彼女の表情は今にも泣き出してしまいそうだった。「あいつなのか?」
オスカーの問いにアンジェリークは涙で答えていた。
オスカーはその涙を見たとたん何か熱いものが胸に湧き上がってきて驚くアンジェリークを残して男の方に駆け出していた。
楽しそうに話をしていた男女は突然燃えるような瞳で自分達の前に現れたオスカーを不思議そうに眺めた。
「あんたそのお嬢ちゃんとどうゆう関係だ?」
突然の質問に男は頭をひねった。
この赤い髪の男になぜそんなことを聞かれるのかかいもくわから無かった。「えーあなたは誰ですぅ?」
「俺のことはいい!そのお嬢ちゃんはあんたの彼女なのか?」
「いえ彼女は友人ですよ。それより答えてくださいよ。あなたは誰ですぅ?」その答えを聞いて何故かオスカーはほっとしていた。
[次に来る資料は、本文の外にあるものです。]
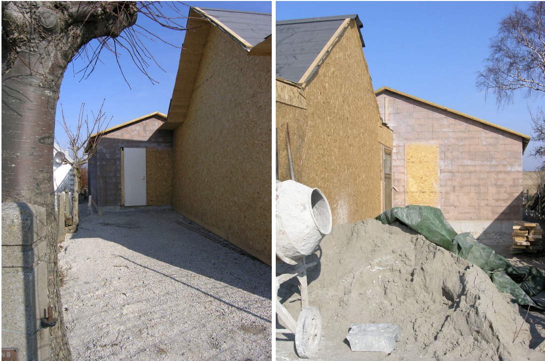
Bilder från återuppbyggnaden, då huset hade ett skalskydd för att skydda murverket samt att möjliggöra arbete oberoende av väder.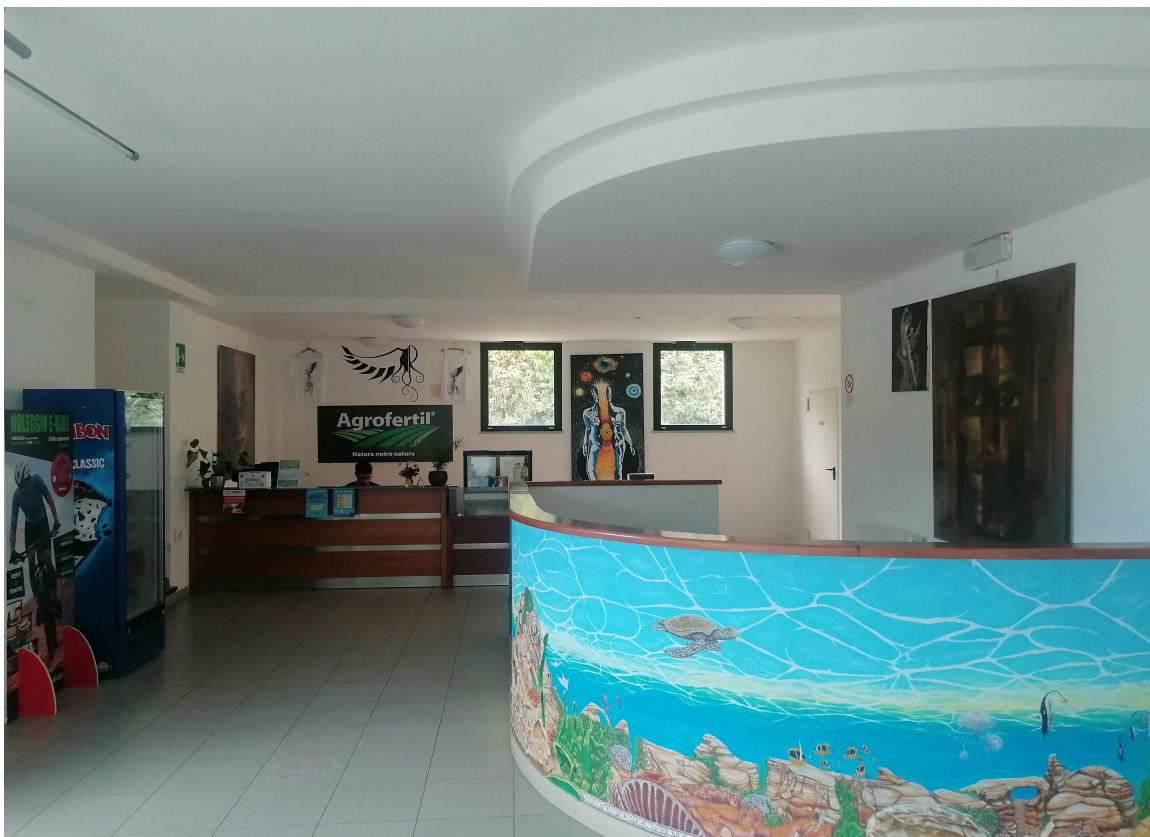
reception e zona bar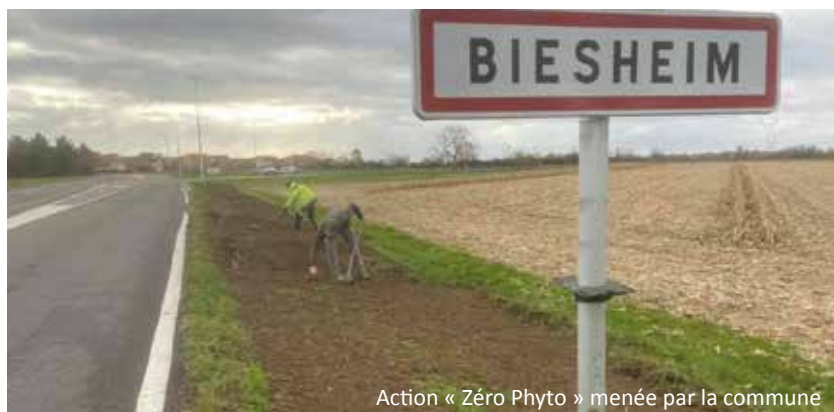
Action « Zéro Phyto » menée par la commune

Nous vous l'expliquons dans notre précédente édition, la ville de Biesheim, lauréate du label « Zéro Phyto » s'engage pour le développement durable. Ainsi, elle a mis en place des prairies fleuries : lieux de biodiversité qui ne nécessitent qu'une seule fauche par an. Cette action, visant à ensemercer 7000m 2 de prairies, s'inscrit dans le programme du Gerplan de la communauté de communes Pays Rhin Brisach et bénéficie de subvention dans ce cadre.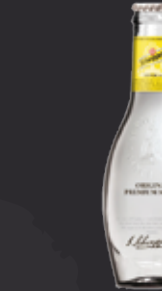
SCHWEPPE'S ORIGINAL PREMIUM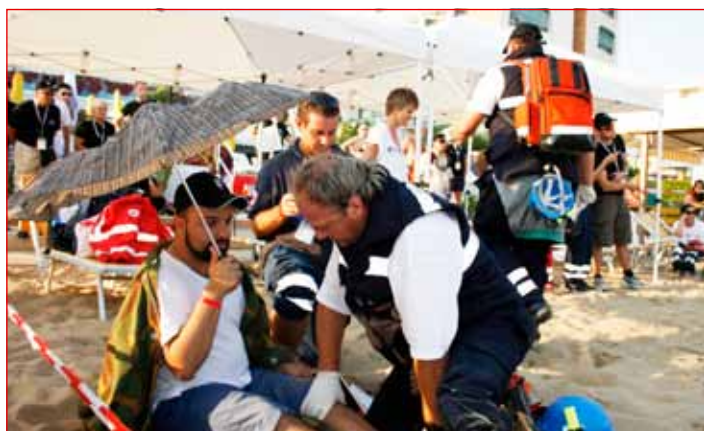
Ptujčani med tekmovanjem

S tem je tudi opravljena uspešna promocija prve pomoči Republike Slovenije in Mestne občine Ptuj. S prvo pomočjo pa je tako, da nanjo mnogi pomislijo šele takrat, ko jo potrebujejo. V MO Ptuj se zavedamo, da je to prepozno, zato se trudimo, da prostovoljno delo doseže najvišje profesionalne dosežke. Čestitke ekipi in vsem, ki so prispevali svoj delež v ta uspeh.

本当ならこの男と一緒の彼女が彼の恋人の方が自分には都合がいいとゆうのに。
そして自分がどうしてこんなことをしているのかよくわからなかった。「俺は炎の精霊オスカー。おまえは?」
「えー私ですかぁ?私は地の精霊ルヴァといいますよろしく。」彼が自己紹介したとき慌ててた様子のアンジェリークが現れた。
「オスカー!あなた一体ルヴァ様に何を言ったの!」
その口調は怒りに満ちていた。
アンジェリークのその言葉にオスカーは苦笑した。「アンジェリーク彼女は彼とは関係無いただの友人だってさ。よかったな。」
「え!や・やだ。何言ってるのよ!」意中の人を前にしてアンジェリークは顔を赤らめた。
そしてそっとルヴァの顔を盗み見た。
ルヴァは一体なんの話をしているのかさっぱりわからないといった表情でオスカーとアンジェリークを交互に眺めた。
オスカーはアンジェリークの恥ずかしがっている様子がとても哀しかった。
やはり彼女は自分にはまったく関心が無い、そのことがまたもや確認できてしまったのだ。
オスカーはもう一度ルヴァをよく見た。
どう見積もっても自分より色男には見えない。
それなのに彼は彼女の心をこんなにも掴んでいる。
言いようの無い敗北感が彼を襲っていた。「あのぉオスカー様?」
不意に自分に声をかけられてオスカーははじかれたように振り返った。
そこには頬を染めながら自分を見つめるルヴァの友人の彼女がいた。「なんだい?美しいお嬢ちゃん。」
いつもの軽口をついて極上の笑みを彼女に向けると彼女は今にも卒倒しそうな様子で押し黙った。
オスカーはいつもならその様子を見れば勝ち誇ったような気持ちになるのに今はただむなしいだけだった。
そしてもうこれ以上アンジェリークとルヴァを見つづけるのが絶えられなかった。「アンジェリーク。俺はここで失礼するよ。」
オスカーのその申し出にアンジェリークは何故か不安を感じた。
簡単に引いてしまうオスカーがなぜか気になった。
彼の行動にも何か合点が行かなかった。
なぜオスカーはルヴァに彼女の関係を聞いたのかアンジェリークにはわからなかったのだ。
でもここはオスカーを押しとどめる理由が見つからずアンジェリークはただ了承するしかなかった。